Write out word for word the lines from the one holding "Композиция из: гвоздики, пионов, кустовой" through the end of the data, and only those lines. Pictures stay out.

────────────────

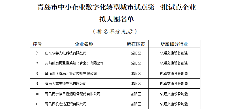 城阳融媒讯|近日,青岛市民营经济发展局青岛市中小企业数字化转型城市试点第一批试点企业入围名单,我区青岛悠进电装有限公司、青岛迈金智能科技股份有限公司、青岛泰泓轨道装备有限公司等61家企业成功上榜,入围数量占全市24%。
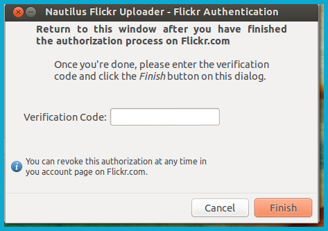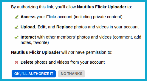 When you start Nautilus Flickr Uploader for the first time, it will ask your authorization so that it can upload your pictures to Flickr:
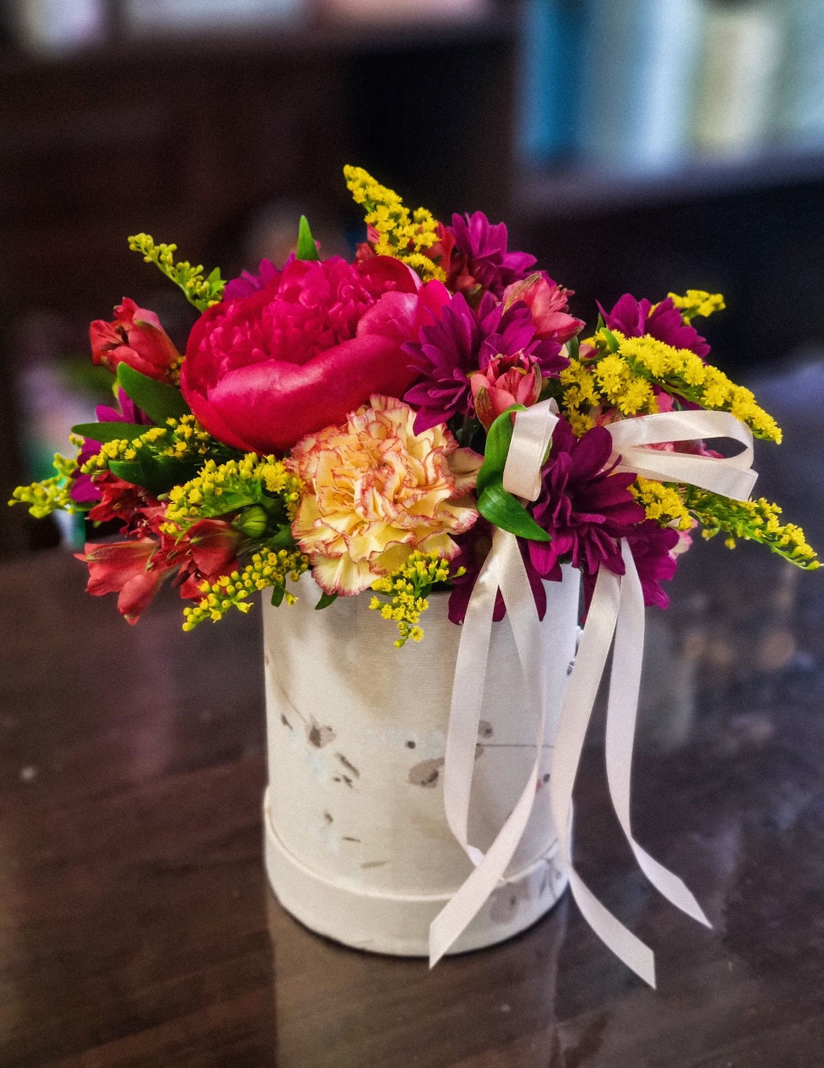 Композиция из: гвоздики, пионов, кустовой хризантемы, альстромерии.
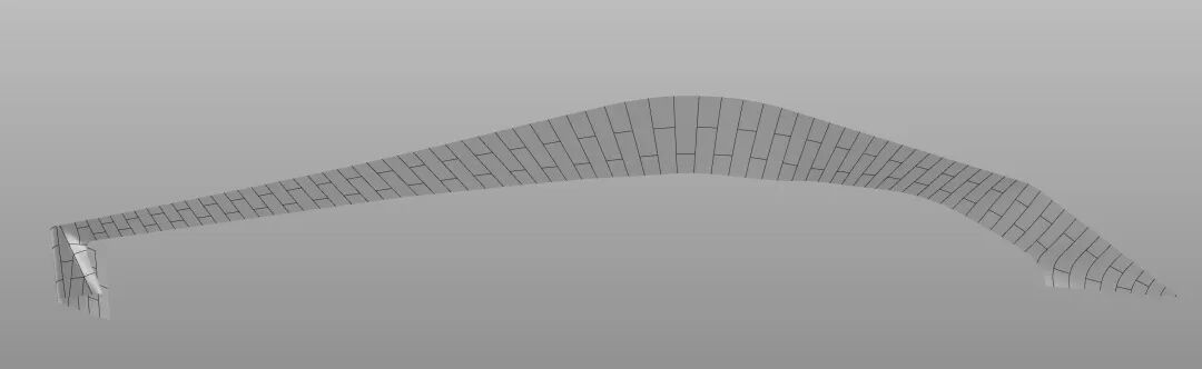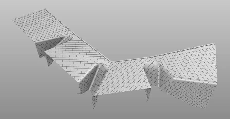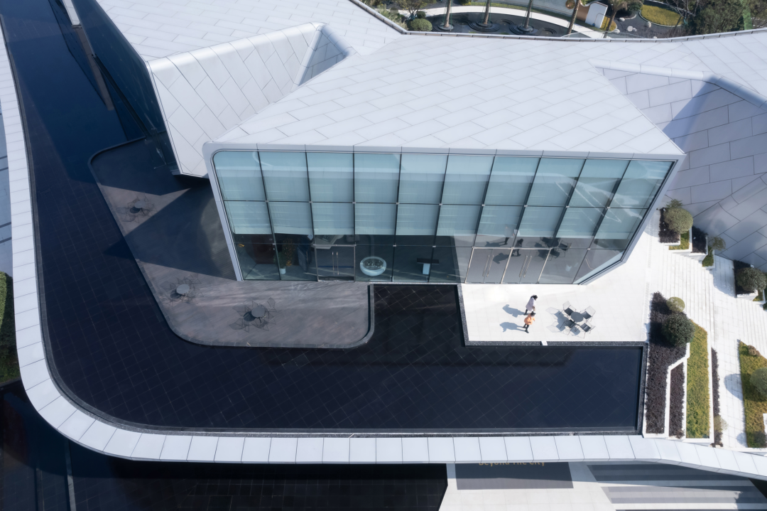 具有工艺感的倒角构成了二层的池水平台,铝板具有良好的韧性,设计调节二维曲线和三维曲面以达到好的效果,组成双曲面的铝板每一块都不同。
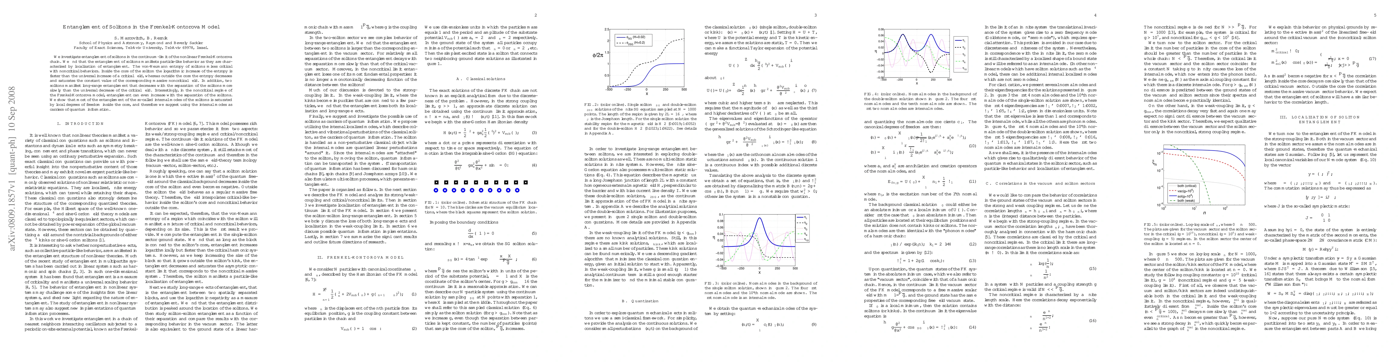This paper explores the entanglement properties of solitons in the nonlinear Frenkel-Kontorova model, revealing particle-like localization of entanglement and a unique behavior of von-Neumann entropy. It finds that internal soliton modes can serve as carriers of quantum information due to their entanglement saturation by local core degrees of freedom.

────────────────

- **Answer for the task**
 Композиция из: гвоздики, пионов, кустовой хризантемы, альстромерии.
 具有工艺感的倒角构成了二层的池水平台,铝板具有良好的韧性,设计调节二维曲线和三维曲面以达到好的效果,组成双曲面的铝板每一块都不同。
This paper explores the entanglement properties of solitons in the nonlinear Frenkel-Kontorova model, revealing particle-like localization of entanglement and a unique behavior of von-Neumann entropy. It finds that internal soliton modes can serve as carriers of quantum information due to their entanglement saturation by local core degrees of freedom.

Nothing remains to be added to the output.